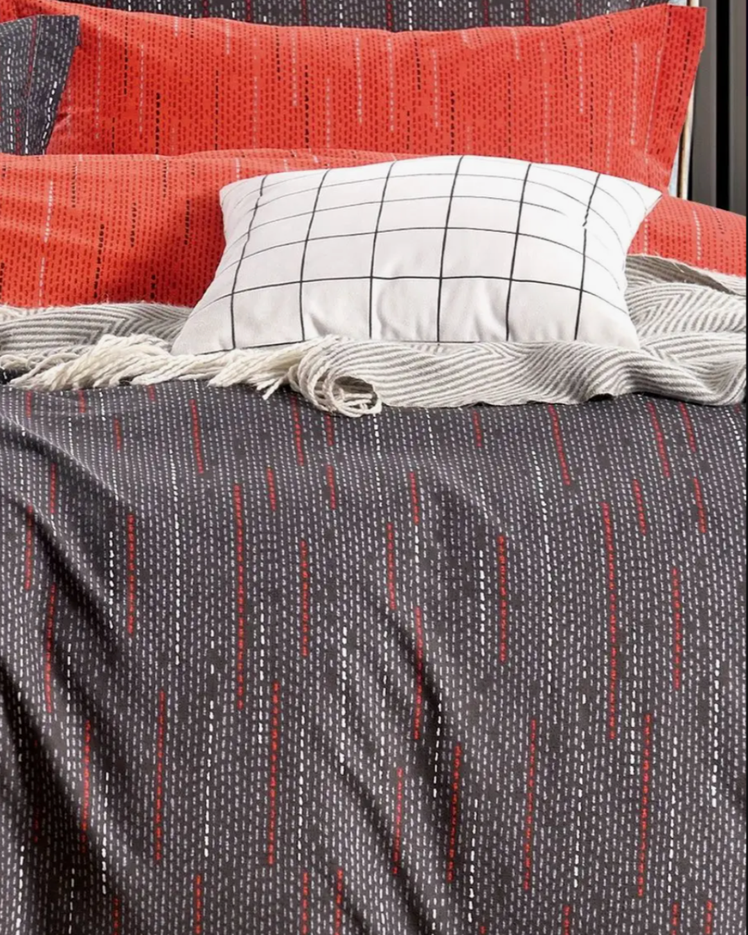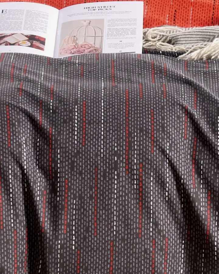 Simplicity doesn’t have to be plain. 'Affinity' strikes the perfect balance between understated elegance and striking contrast. The deep charcoal fabric, accented with subtle linear patterns, creates a sleek and modern foundation, while the bold red hues add just the right amount of energy. It’s a design that speaks volumes without being overwhelming—perfect for those who appreciate clean aesthetics with a touch of personality.
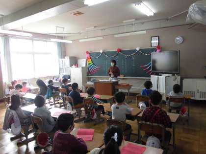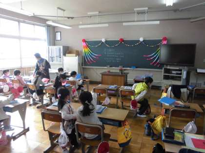 1年生の教室です。登校してからの注意事項が板書されていました。1年生の皆さん、一つ一つ覚えていきましょう。
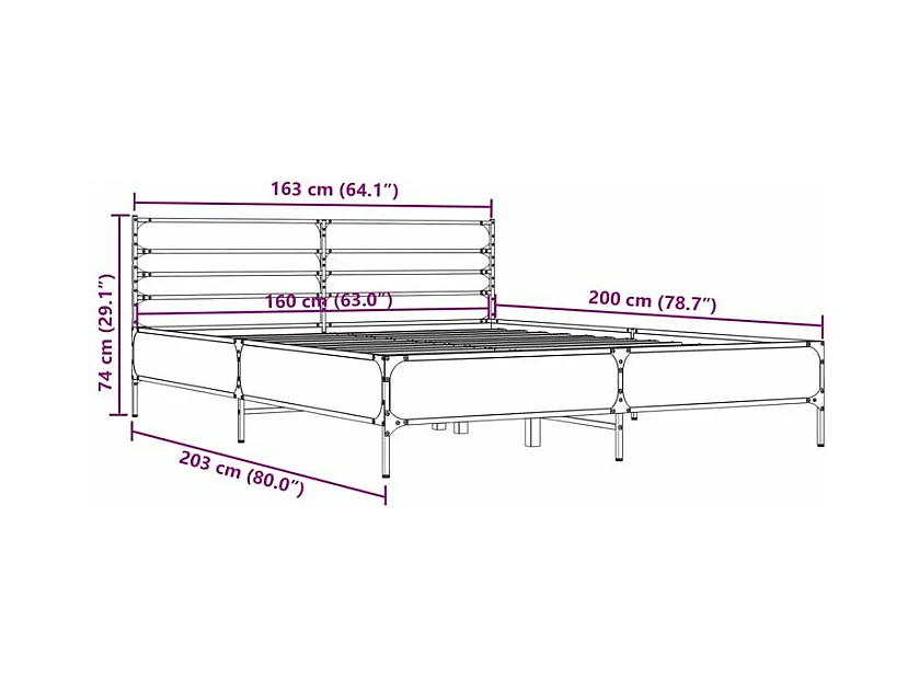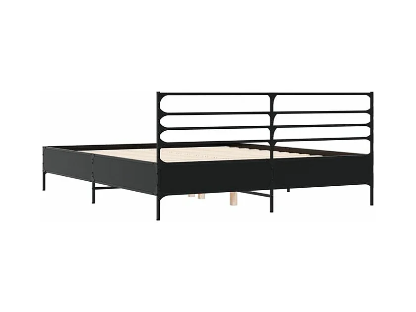 Cadre de lit noir 160x200 bois d'ingénierie et métal

_What the task asks_: Return the material in full, word for word, and skip the pictures.

_Response for this exercise_:
 Simplicity doesn’t have to be plain. 'Affinity' strikes the perfect balance between understated elegance and striking contrast. The deep charcoal fabric, accented with subtle linear patterns, creates a sleek and modern foundation, while the bold red hues add just the right amount of energy. It’s a design that speaks volumes without being overwhelming—perfect for those who appreciate clean aesthetics with a touch of personality.
 1年生の教室です。登校してからの注意事項が板書されていました。1年生の皆さん、一つ一つ覚えていきましょう。
 Cadre de lit noir 160x200 bois d'ingénierie et métal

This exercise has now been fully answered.